Java OOPS (Object Oriented Programming) Tricky Coding Interview Questions

This page contains Java OOPS(Object Oriented Programming) coding interview questions on OOPS concepts such as Abstraction, Encapsulation, Inheritance, and Polymorphism.

Also, check out Java Tricky Coding interview questions at Top 10 Java Tricky Coding Interview Questions

These questions may ask in interviews or similar questions may appear in interviews so prepare yourself.

Learn OOPs at OOPS Concepts in Java with Realtime Examples 

1. What is the output of the following Java program?

class Automobile {
    private String drive() {
        return "Driving vehicle";
    }
}

class Car extends Automobile {
    protected String drive() {
        return "Driving car";
    }
}

public class ElectricCar extends Car {

    @Override
    public final String drive() {
        return "Driving an electric car";
    }

    public static void main(String[] wheels) {
        final Car car = new ElectricCar();
        System.out.print(car.drive());
    }
}

A. Driving vehicle
B. Driving an electric car
C. Driving car
D. The code does not compile

Answer :

B. Driving an electric car

Explanation: 

The drive() method in the Car class does not override the version in the Automobile class since the method is not visible to the Car class.

The drive() method in the ElectricCar class is a valid override of the method in the Car class, with the access modifier expanding in the subclass. For these reasons, the code compiles, and Option D is incorrect.

In the main() method, the object created is an ElectricCar, even if it is assigned to a Car reference. Due to polymorphism, the method from the ElectricCar will be invoked, making Option B the correct answer.

2. Look at the following code and choose the right option for the word :

// Shape.java
public class Shape {
    protected void display() {
        System.out.println("Display-base");
    }
}
// Circle.java
public class Circle extends Shape { <
    < access - modifier > void display() {
        System.out.println("Display-derived");
    }
}

a) Only the protected can be used.
b) public and protected both can be used.
c) public, protected, and private can be used.
d) Only the public can be used.

Answer :

B. public and protected both can be used.

Explanation:  

You can provide only a less restrictive or same-access modifier when overriding a method.

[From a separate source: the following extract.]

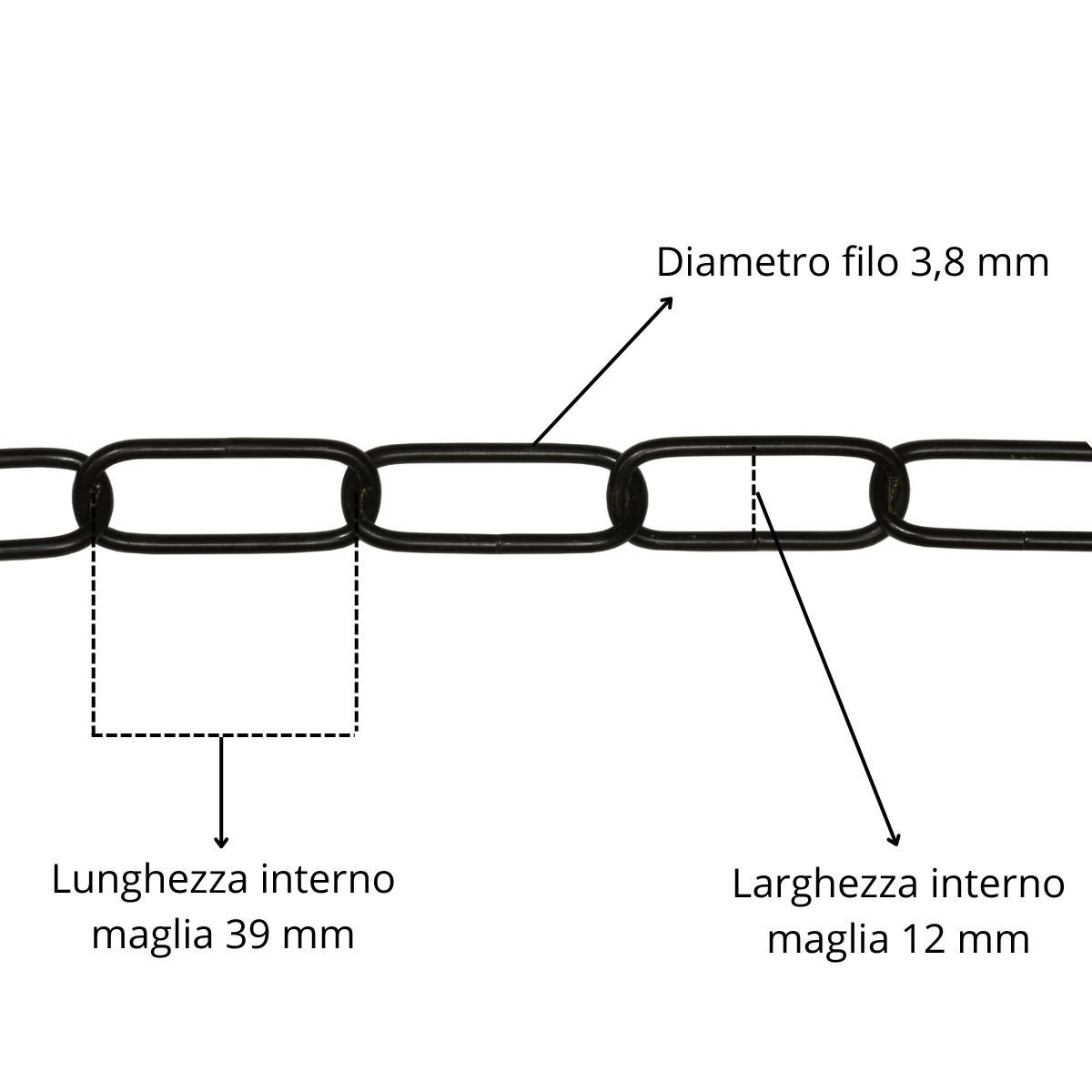 Catena genovese Ø 3,8 mm, interno maglia 39 mm x 12 mm, 1,5 mt, nera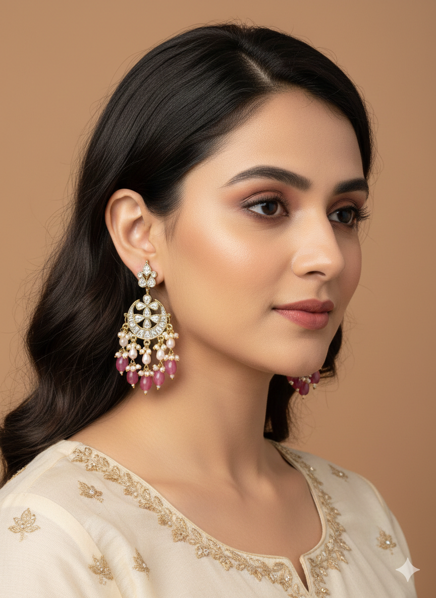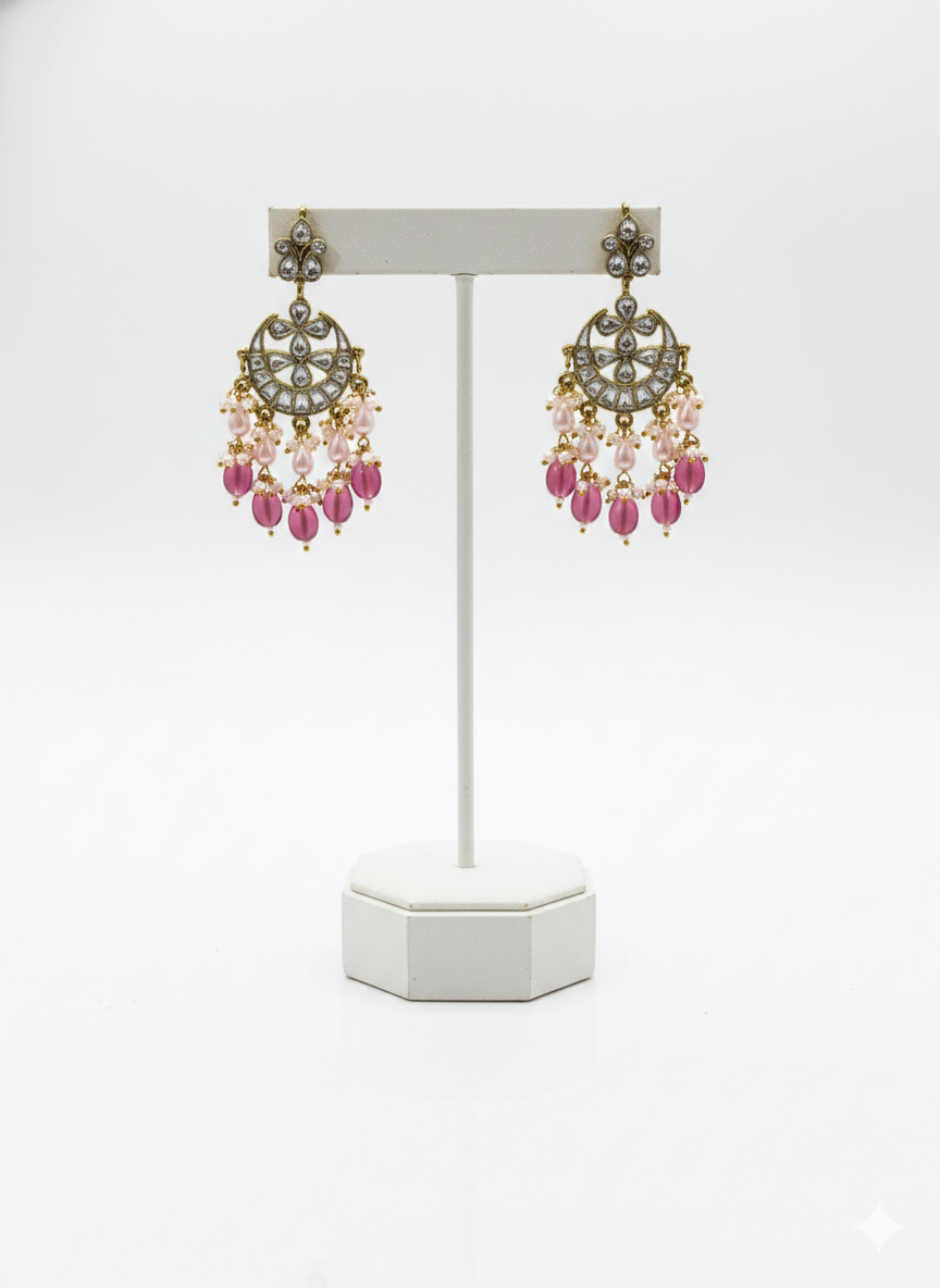Floral Kundan & Ombré Pink Bead Chandbali Earrings

3. What will be the output of the following Java program?

class Base {
    public Base() {
        System.out.println("Base");
    }
}

class Derived extends Base {
    public Derived() {
        System.out.println("Derived");
    }
}

class DeriDerived extends Derived {
    public DeriDerived() {
        System.out.println("DeriDerived");
    }
}

public class Test {
    public static void main(String[] args) {
        Derived b = new DeriDerived();
    }
}

a)

Base
Derived
DeriDerived

b)

Derived
DeriDerived

c)

DeriDerived
Derived
Base

d)

DeriDerived
Derived

Answer: 

a)

Base
Derived
DeriDerived

Explanation: 

Whenever a class gets instantiated, the constructor of its base classes (the constructor of the root of the hierarchy gets executed first) gets invoked before the constructor of the instantiated class.

4. What is the output of the following Java program?

class One{	
	public One(){
		System.out.print("One,");
	}
}
class Two extends One{
	public Two(){
		System.out.print("Two,");
	}
}
class Three extends Two{
	public Three(){
		System.out.print("Three");
	}
}

public class Test{
	
	public static void main(String[] args){
		Three three = new Three();
	}		
}

a) Three

b) One

c) One,Two,Three

d) Run-time error

Answer:

c) One,Two,Three

Explanation:

When we create an object of class Three, the constructors are executed in the following order: 

One(): Prints "One,". 

Two(): Prints "Two,". 

Three(): Prints "Three". 

So, the overall output is "One,Two,Three". The constructors are executed in the order of inheritance hierarchy from the topmost superclass (One) to the subclass (Three).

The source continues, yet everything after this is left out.